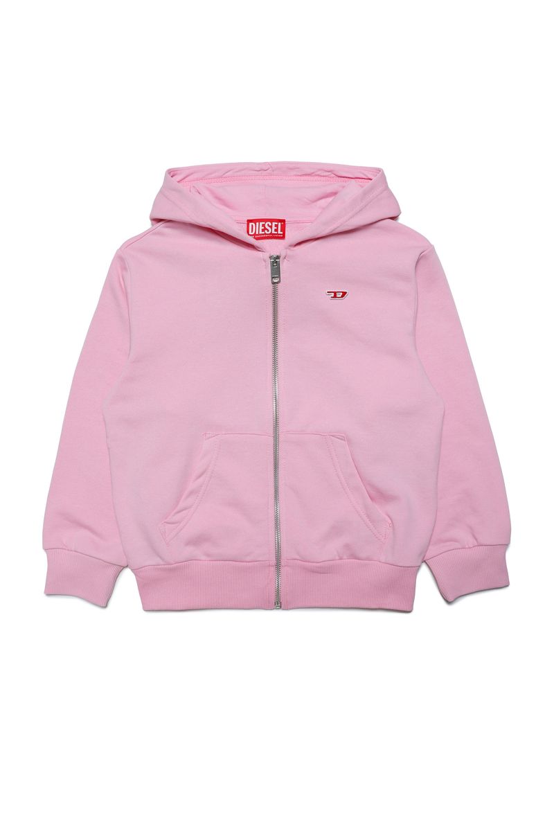 Moletom infantil de algodão com zíper em toda a extensão e bolsos estilo canguru. Um pequeno logotipo 'D' bordado completa este design sem gênero.
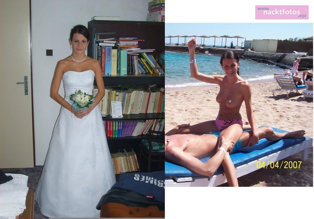 eheschlampe oben ohne am strand mit hochzeitsfoto
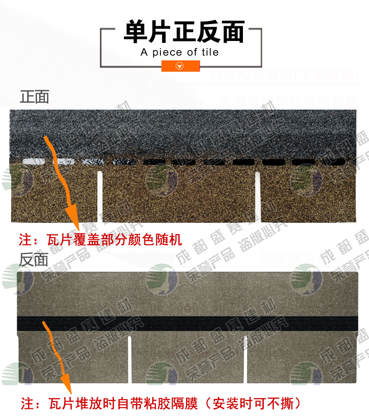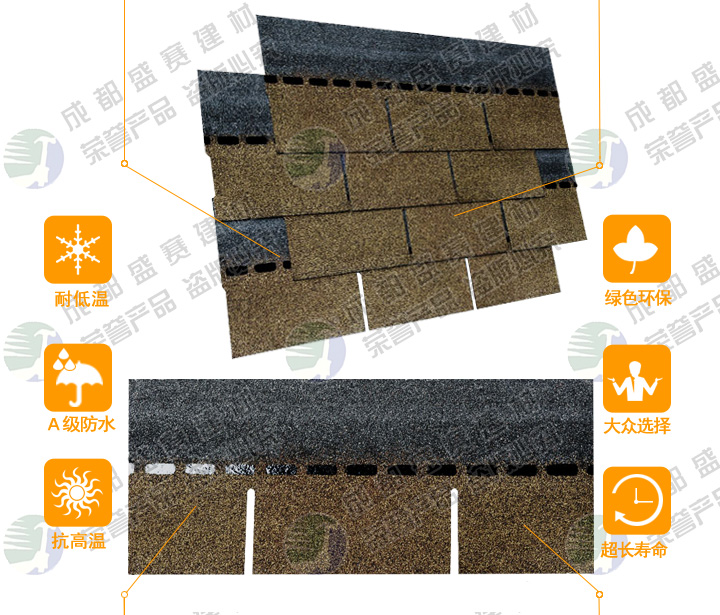 本款产品颜色丰富,立体感强,一般适用于广泛应用于高档别墅、高档小区、政府安置工程,学校工程等工程,产品可自由裁剪,能成功覆盖于不同形状和不同基层的屋顶。适用屋面坡度从15°到90°不同建筑。
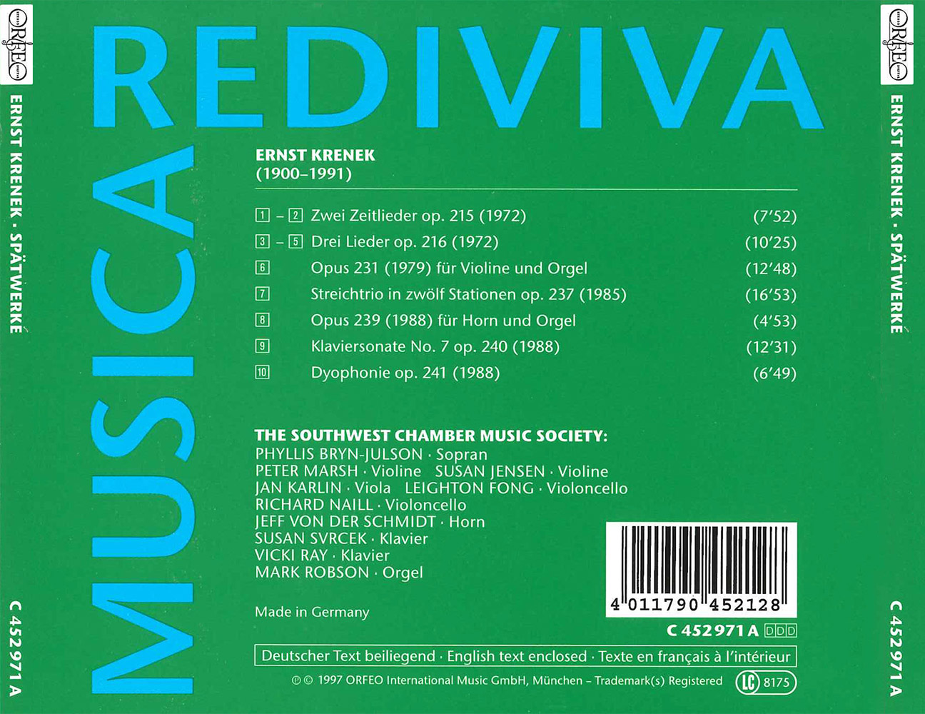 Krenek:2 Zeitlieder - 3 Songs - Sonata for Violin and Organ - String Trio in 12 Stations - Sonata for Horn and Organ - Horn Sonata - Piano Sonata No. 7 - Dyophonie
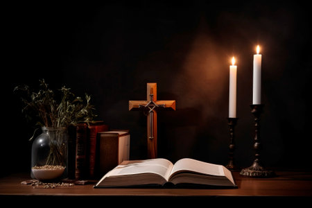 Holy Bible and Cross on Desk. Minimalism, dark and light.
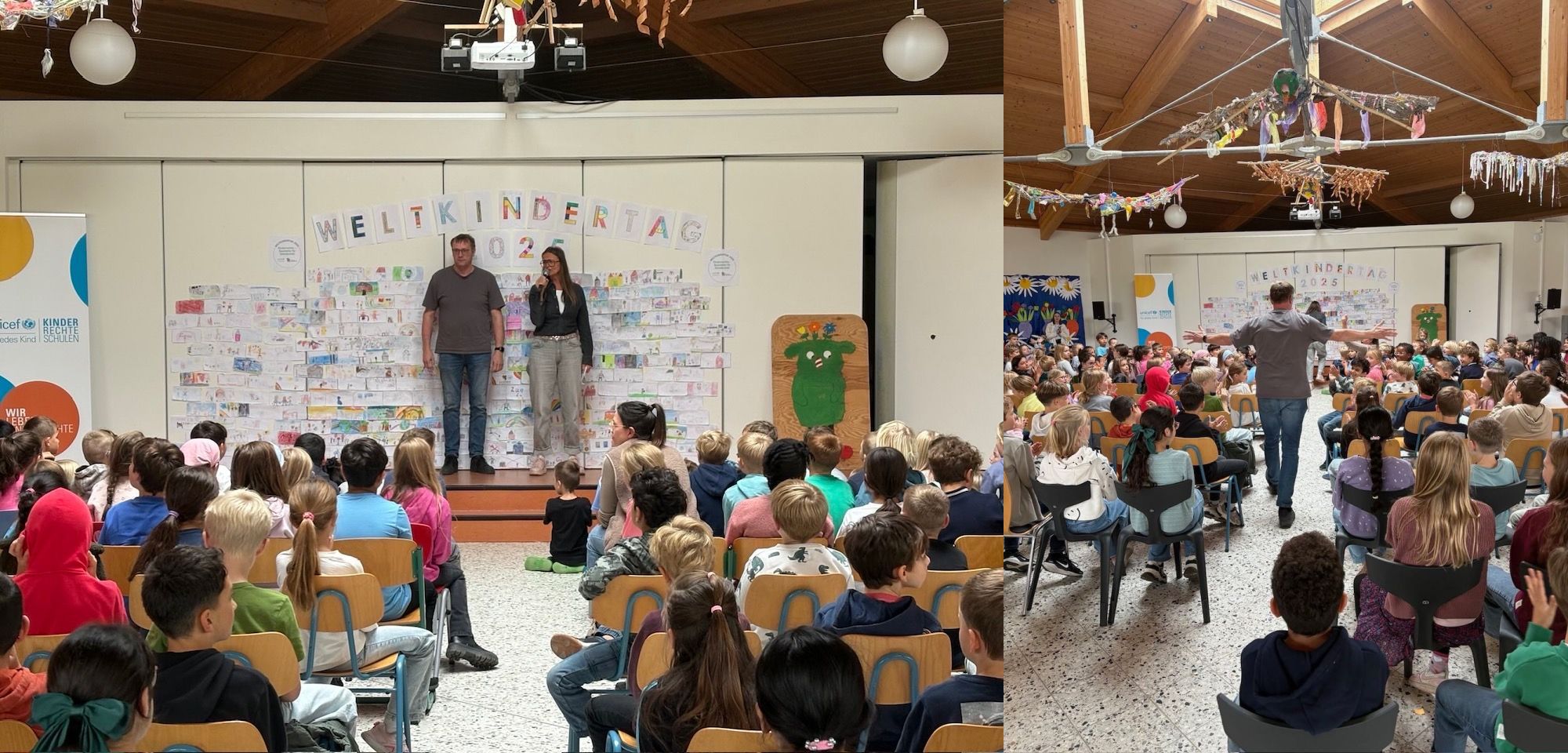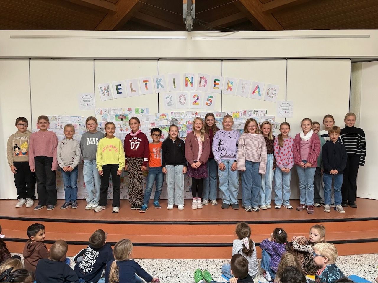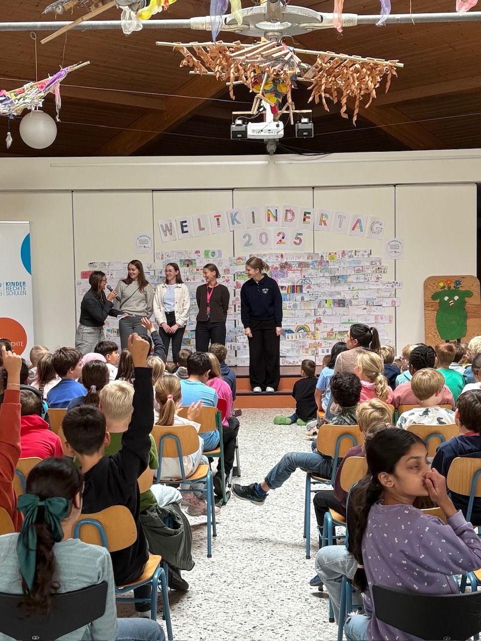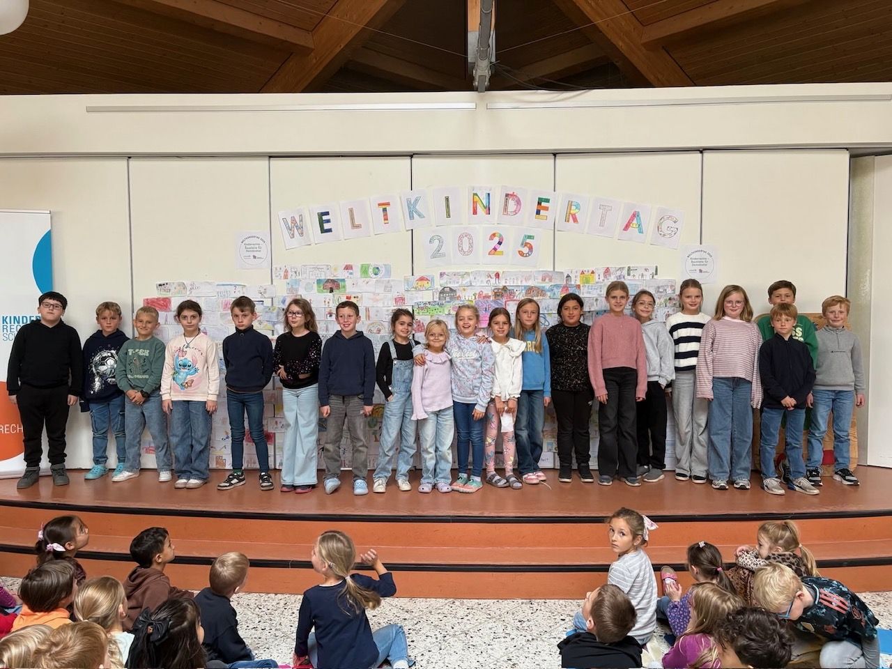 Die Schulversammlung stand v.a. unter dem Motto des Weltkindertages „Kinderrechte-Bausteine für Demokratie“. In den letzten Wochen haben sich die Kinder mit dem Thema der Kinderrechte beschäftigt. Im Anschluss konnte jedes Kind einen eigenen Baustein mit dem persönlich wichtigsten Thema gestalten. Die Bausteine ergeben nun eine große „Mauer der Demokratie“, die in der Aula ausgestellt ist, zum Verweilen einlädt und wirklich beeindruckend ist.

◆ Task description:
Give an exact copy of the data, and omit any pictures it holds.

◆ Response to the task:
 Moletom infantil de algodão com zíper em toda a extensão e bolsos estilo canguru. Um pequeno logotipo 'D' bordado completa este design sem gênero.
 eheschlampe oben ohne am strand mit hochzeitsfoto
 本款产品颜色丰富,立体感强,一般适用于广泛应用于高档别墅、高档小区、政府安置工程,学校工程等工程,产品可自由裁剪,能成功覆盖于不同形状和不同基层的屋顶。适用屋面坡度从15°到90°不同建筑。
 Krenek:2 Zeitlieder - 3 Songs - Sonata for Violin and Organ - String Trio in 12 Stations - Sonata for Horn and Organ - Horn Sonata - Piano Sonata No. 7 - Dyophonie
 Holy Bible and Cross on Desk. Minimalism, dark and light.
 Die Schulversammlung stand v.a. unter dem Motto des Weltkindertages „Kinderrechte-Bausteine für Demokratie“. In den letzten Wochen haben sich die Kinder mit dem Thema der Kinderrechte beschäftigt. Im Anschluss konnte jedes Kind einen eigenen Baustein mit dem persönlich wichtigsten Thema gestalten. Die Bausteine ergeben nun eine große „Mauer der Demokratie“, die in der Aula ausgestellt ist, zum Verweilen einlädt und wirklich beeindruckend ist.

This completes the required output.